An oligopoly dominates the memory market

The market for DRAM and NAND flash is effectively dominated by just three major players: Micron Technology, SK Hynix and Samsung Electronics. The strategic decisions and production priorities of these three giants largely determine global prices and availability.

A crucial structural factor is the strategic realignment of manufacturers. HBM, which is essential for the lucrative AI infrastructure, offers significantly higher profit margins than traditional memory products such as DDR memory (commodity products). As a direct consequence, the three dominant manufacturers are massively shifting their production capacities and resources towards HBM.

This shift is at the expense of the production of standard DDR memory, which further exacerbates the supply shortage for conventional computers and servers. Micron even plans to give up its entire consumer division, Crucial. But what sounds like good news for the enterprise could quickly turn out to be bad news: Crucial products are also installed in the PCs and laptops of corporate customers.

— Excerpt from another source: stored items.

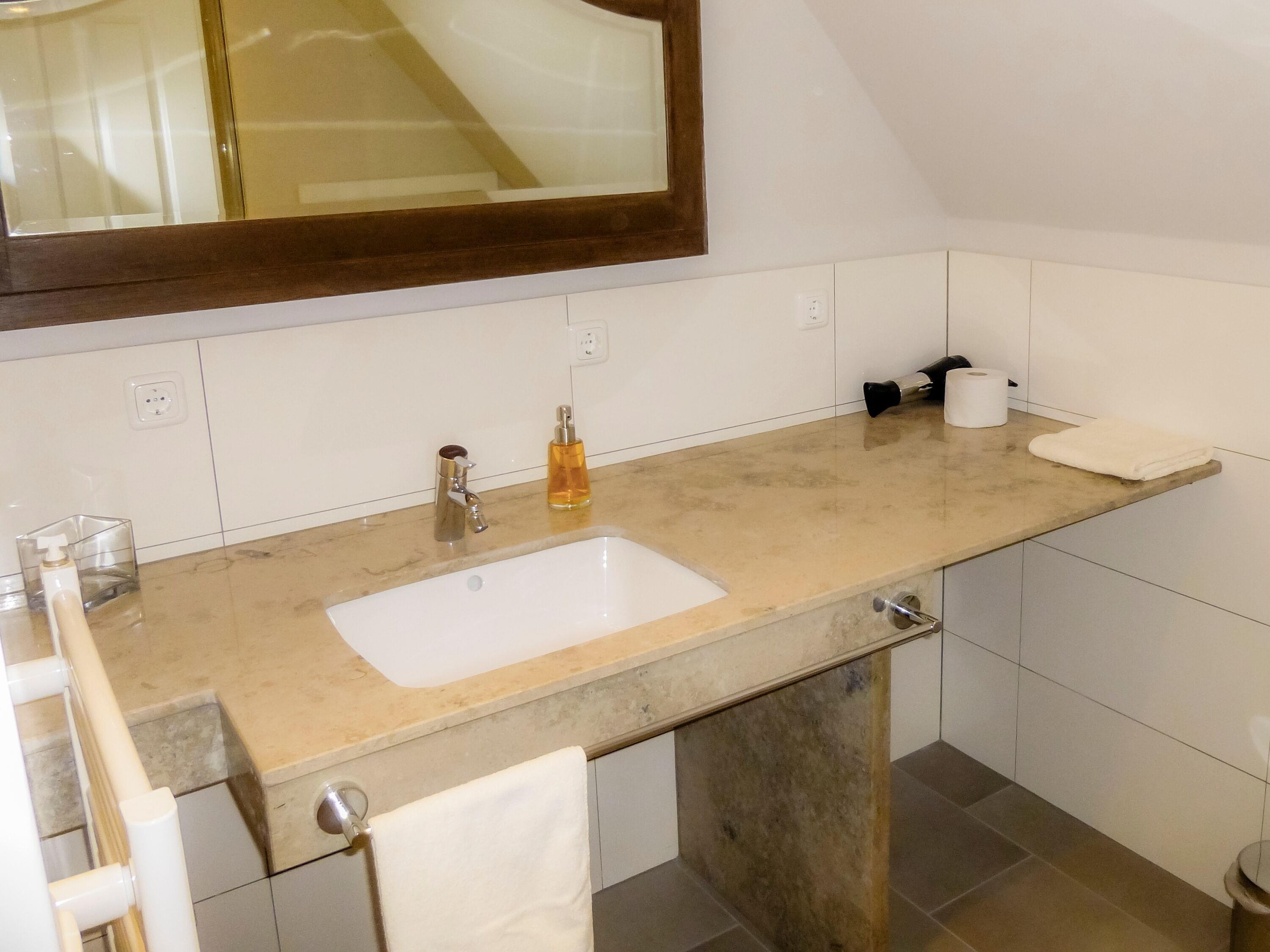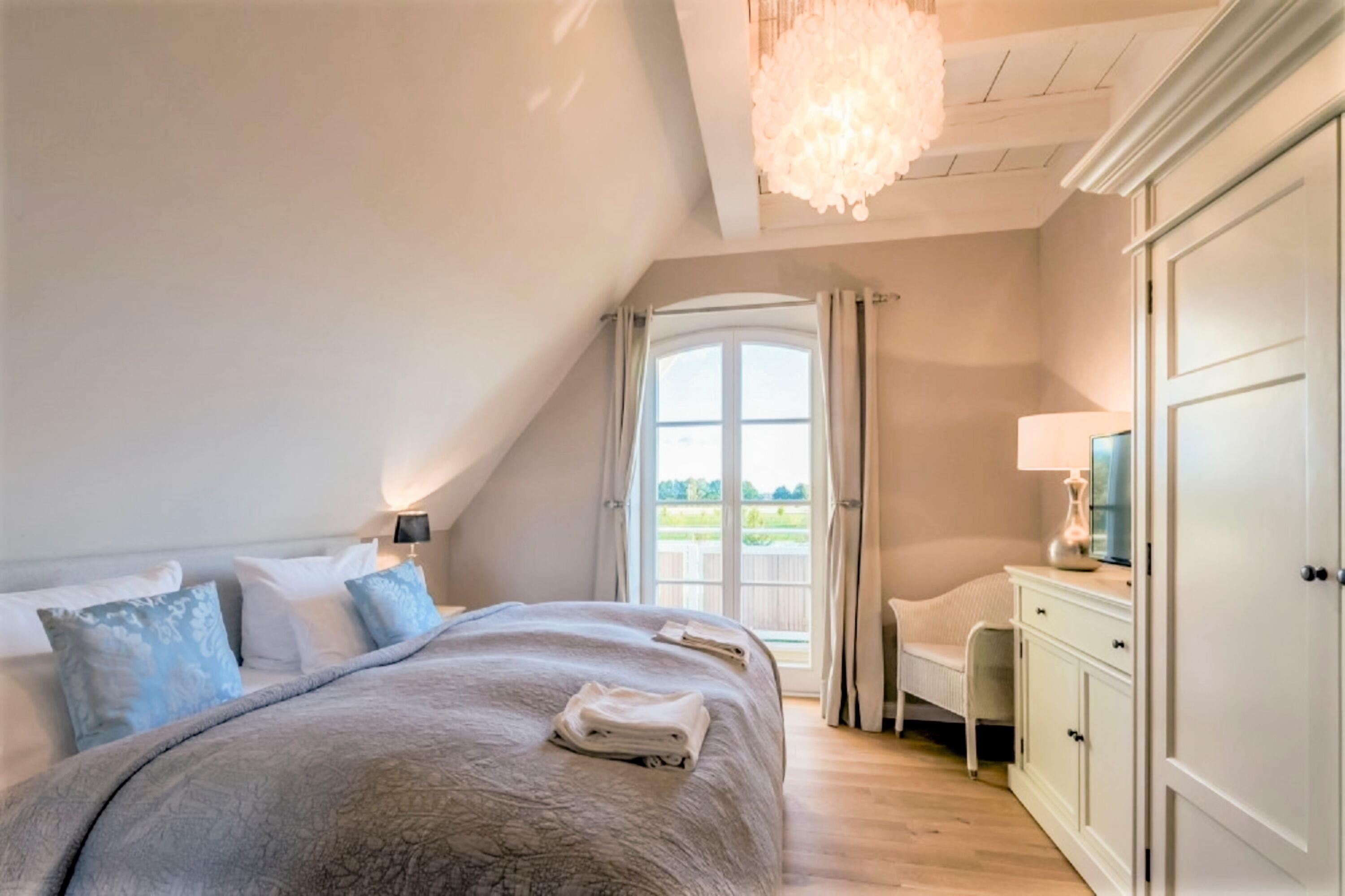Für noch mehr Platz und Komfort können Sie die Mastersuite im Dachgeschoss hinzubuchen. Diese bietet ein drittes Schlafzimmer mit Boxspringbett und ein weiteres hochwertiges Badezimmer mit Dusche und WC. Preis: 30 € pro Tag. Der Zugang erfolgt bequem über eine Treppe innerhalb der Wohnung.
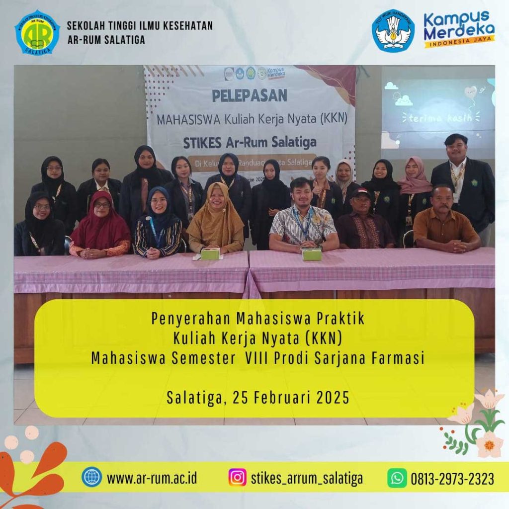Acara serah terima mahasiswa KKN ini berlangsung dengan penuh semangat dan dihadiri oleh berbagai pihak penting, di antaranya Ketua STIKES Ar-Rum, Ibu Retnaning Muji Lestari., S.ST., M.H, Lurah Randu Acir yaitu Ibu Dian Widhinafisa., S.STP., MM, Ketua RW, para kader PKK, serta dosen pembimbing dari Program Studi Farmasi. Kehadiran mereka menandakan dukungan penuh terhadap kegiatan yang bertujuan meningkatkan kesejahteraan dan kesehatan masyarakat setempat.
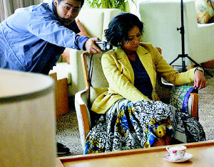 中午时分,刘嘉玲在其工作人员的陪同下出现在拍摄现场。她身着一件黑底白纹连衣裙,外面还套着一件带有荷叶边的黄绿色小短装。从进入现场到摄影师开拍前,嘉玲一直面无表情,虽然她时不时瞪瞪自己的大眼睛,似乎想让自己看来更精神些,但在拍摄的过程中,她僵硬的表情,却让她无法掩饰内心的倦怠。

Hesitant capacity expansion after the semiconductor crisis

The current situation is also a long-term consequence of the global semiconductor crisis triggered by the Covid pandemic, which saw production capacity reduced in many places. Since then, reconstruction and expansion of capacity havve been slow. Investment decisions are further slowed by the fundamental uncertainty regarding the sustainability of current AI demand - the fear of a potential AI bubble.

Technological change and production bottlenecks

The shortage is further exacerbated by the natural product life cycle of storage types. DDR4 memory production will be phased out at the three major suppliers' large factories to free up capacity for newer, higher-margin technologies. Although smaller chip manufacturers are stepping in to fill the gap, they still need time to optimise their production processes and reach full capacity. This dynamic is not new; a similar development was already evident during the transition from DDR3 to DDR4.

High investment barriers and long lead times

The construction of new production facilities (fabs) is an extremely capital-intensive and time-consuming undertaking. It typically takes several years from the laying of the foundation stone to volume production. Given the current geopolitical and economic uncertainties, this high investment risk represents a significant additional challenge that massively slows down the rapid response to increased global demand.

There is also reportedly a backlog of hard disk drives (HDDs) estimated at around two years. This is a direct result of the massive increase in the need for storage capacity, which was triggered in particular by the boom in AI and the associated data-intensive applications.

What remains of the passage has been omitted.